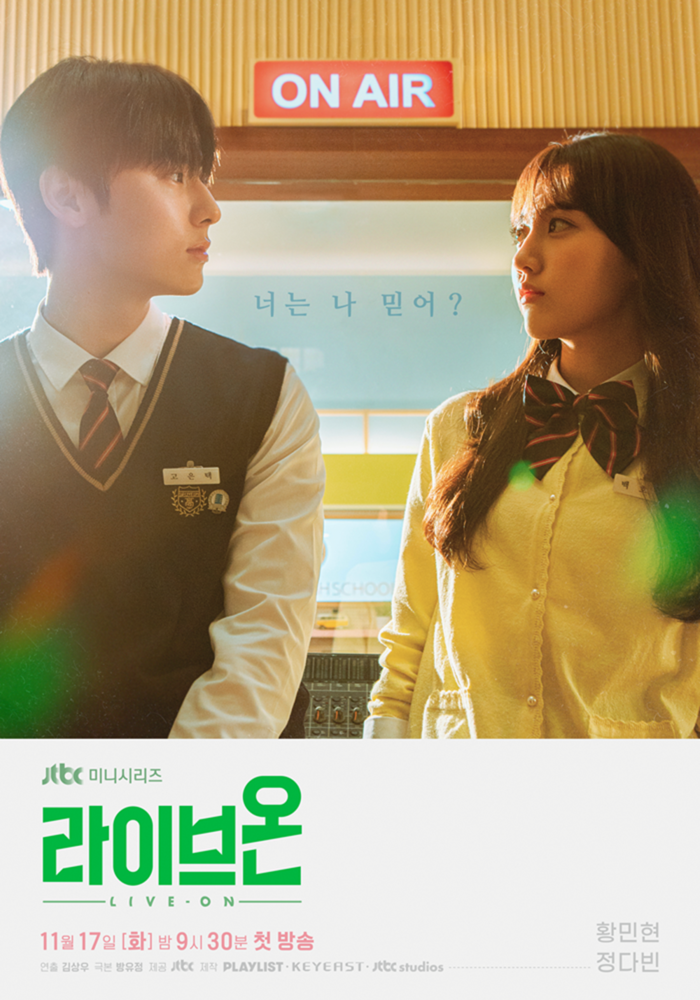 '라이브온'은 수상한 목적을 가지고 방송부에 들어간 서연고등학교 셀럽 백호랑(정다빈 분)이 엄격한 방송부장 고은택(황민현 분)을 만나 겪게 되는 상극 케미 로맨스 드라마다.
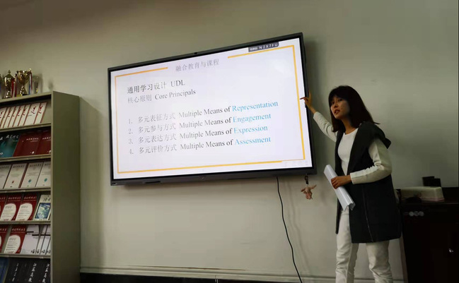学前融合教育是学前教育专业的特色课程,周易老师选择了这门课程作为双语教学公开课。授课过程中,周易老师全程用英文对融合教育的内涵、开展学前融合教育的具体方式、以及如何在教学中体现融合等内容进行讲解。为适应员工学习现状和需求,在课件呈现上,周易老师选择了中英文双语呈现文字叙述。
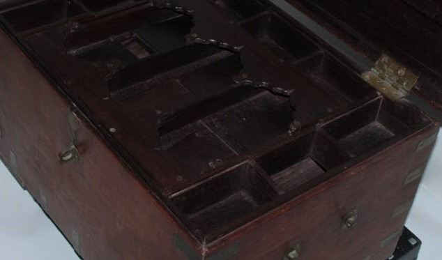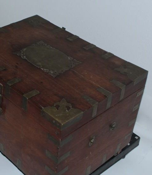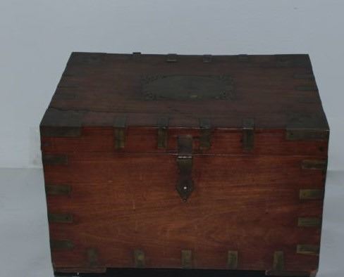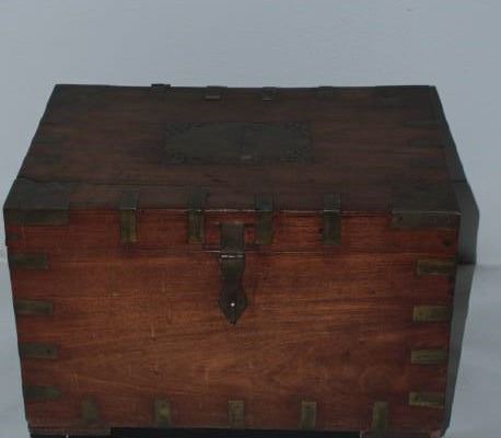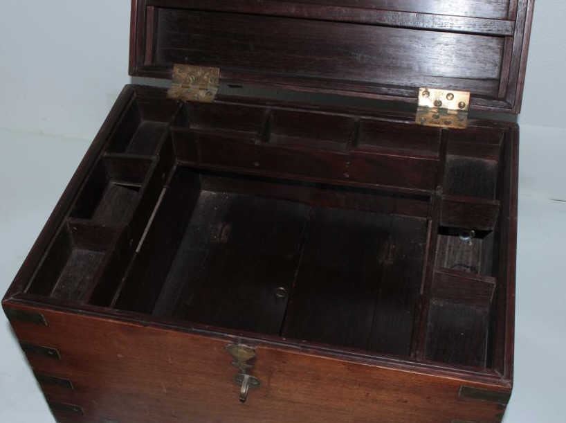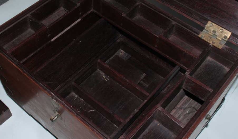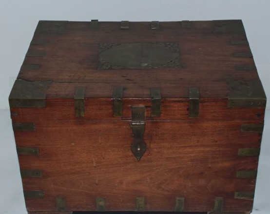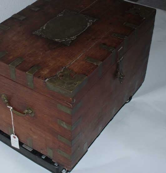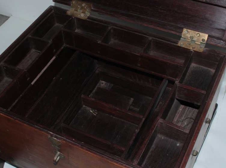 Lot 1990 Antique Specimen Chest circa 1879. The chest is constructed of hardwood with ornamental brass har

#### [WHAT THE TASK ASKS]
Exclude images. Return the data above verbatim.

#### [WRITTEN RESPONSE]
 '라이브온'은 수상한 목적을 가지고 방송부에 들어간 서연고등학교 셀럽 백호랑(정다빈 분)이 엄격한 방송부장 고은택(황민현 분)을 만나 겪게 되는 상극 케미 로맨스 드라마다.
学前融合教育是学前教育专业的特色课程,周易老师选择了这门课程作为双语教学公开课。授课过程中,周易老师全程用英文对融合教育的内涵、开展学前融合教育的具体方式、以及如何在教学中体现融合等内容进行讲解。为适应员工学习现状和需求,在课件呈现上,周易老师选择了中英文双语呈现文字叙述。
 Lot 1990 Antique Specimen Chest circa 1879. The chest is constructed of hardwood with ornamental brass har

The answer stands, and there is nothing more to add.